■ **Exercise details**
Repeat the data as given. Images do not go in the copy.

■ **Input records**
|---|

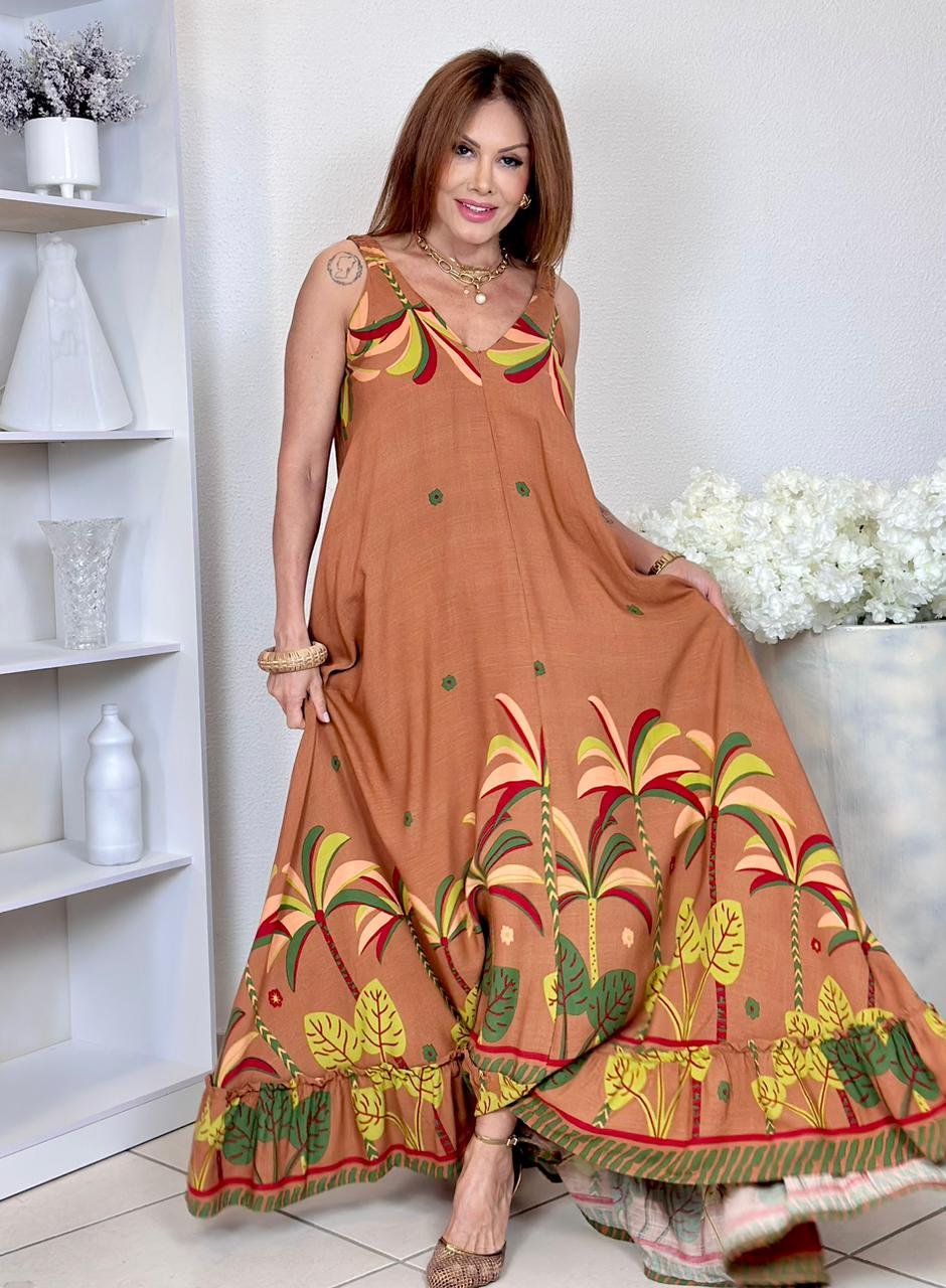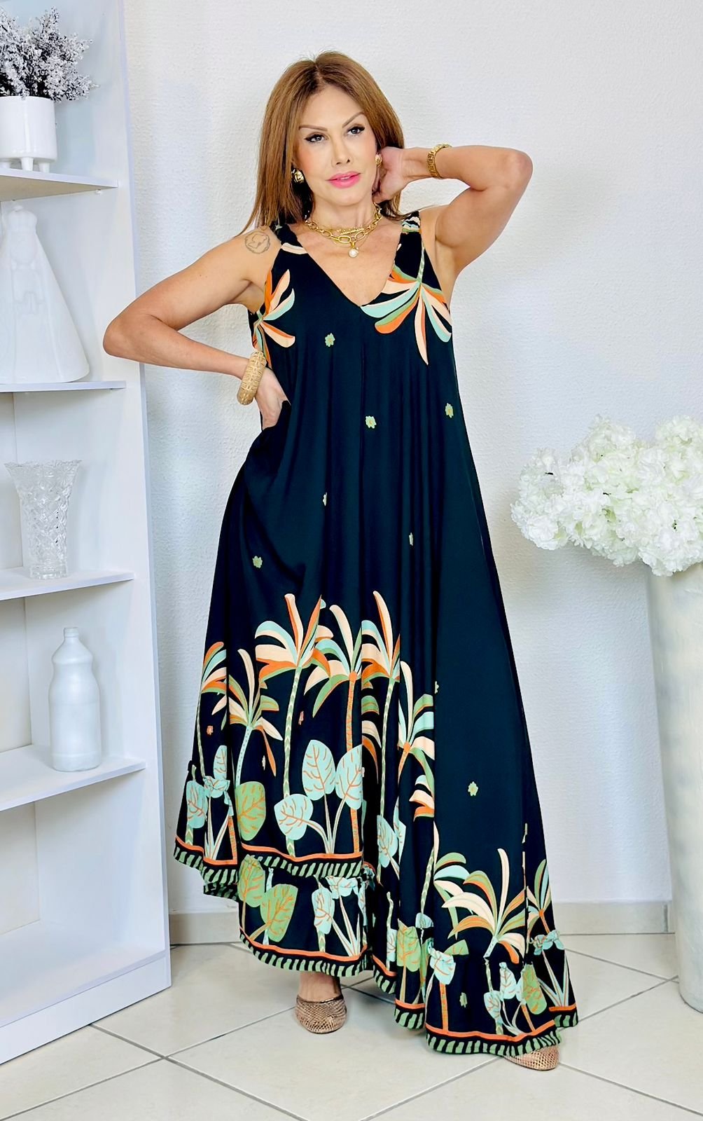 Explosão de cores e caimento fluido que hipnotizam! Combinam o conforte do maxi dress com a sofisticação das estampas que são a cara do verão.
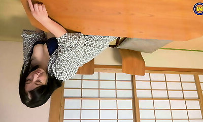 Slim woman, Miho Wakabayash is slowly screwing her lover
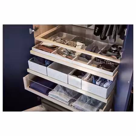 Разделитель помогает организовать хранение небольших вещей, например шарфов, ремней и галстуков.Большие отделения сзади и маленькие впереди обеспечивают удобный доступ к содержимому.Имеется несколько вариантов ширины.
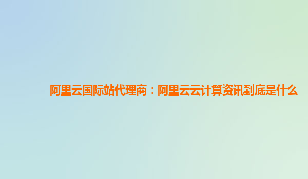 阿里云國際站代理商:阿里云云計算資訊到底是什么
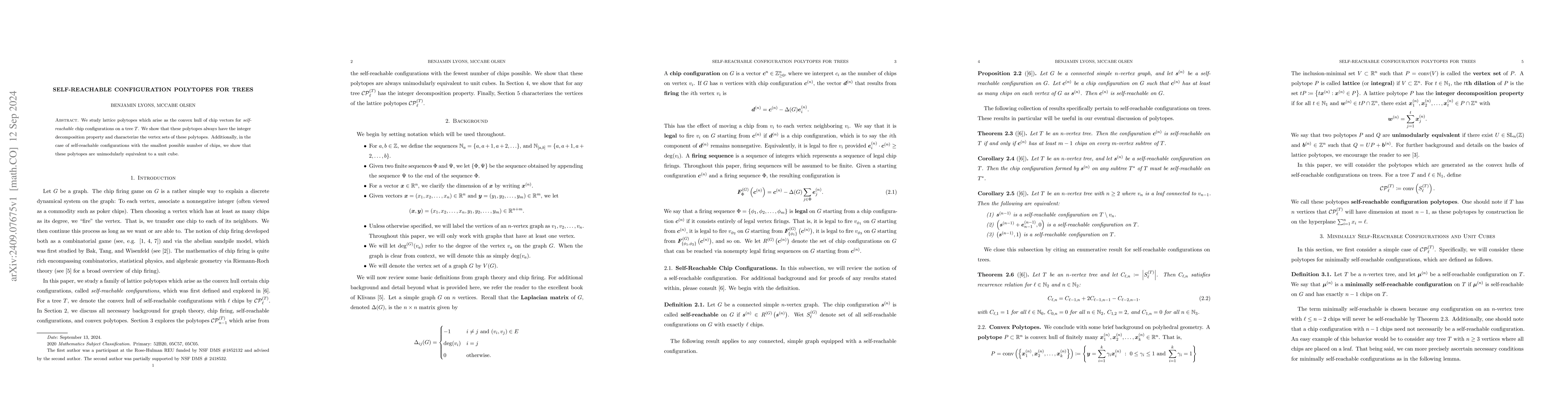 This paper investigates lattice polytopes formed by the convex hull of chip vectors from self-reachable configurations on tree structures. It demonstrates that these polytopes possess the integer decomposition property and identifies their vertex sets. Specifically, it finds that the polytopes corresponding to the minimal self-reachable chip configurations are unimodularly equivalent to a unit cube.
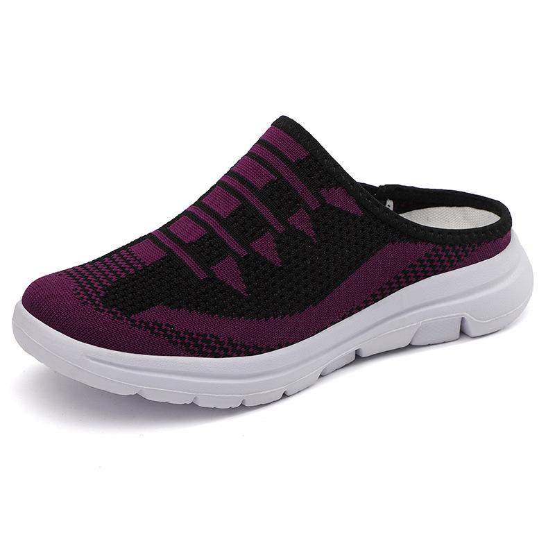 Women's 2024 Fashion Fly-knit Half-Slippers: Breathable, Slip-on Mesh Casual Shoes.

|---|

■ **Expected answer**
 Explosão de cores e caimento fluido que hipnotizam! Combinam o conforte do maxi dress com a sofisticação das estampas que são a cara do verão.
 Slim woman, Miho Wakabayash is slowly screwing her lover
 Разделитель помогает организовать хранение небольших вещей, например шарфов, ремней и галстуков.Большие отделения сзади и маленькие впереди обеспечивают удобный доступ к содержимому.Имеется несколько вариантов ширины.
 阿里云國際站代理商:阿里云云計算資訊到底是什么
 This paper investigates lattice polytopes formed by the convex hull of chip vectors from self-reachable configurations on tree structures. It demonstrates that these polytopes possess the integer decomposition property and identifies their vertex sets. Specifically, it finds that the polytopes corresponding to the minimal self-reachable chip configurations are unimodularly equivalent to a unit cube.
 Women's 2024 Fashion Fly-knit Half-Slippers: Breathable, Slip-on Mesh Casual Shoes.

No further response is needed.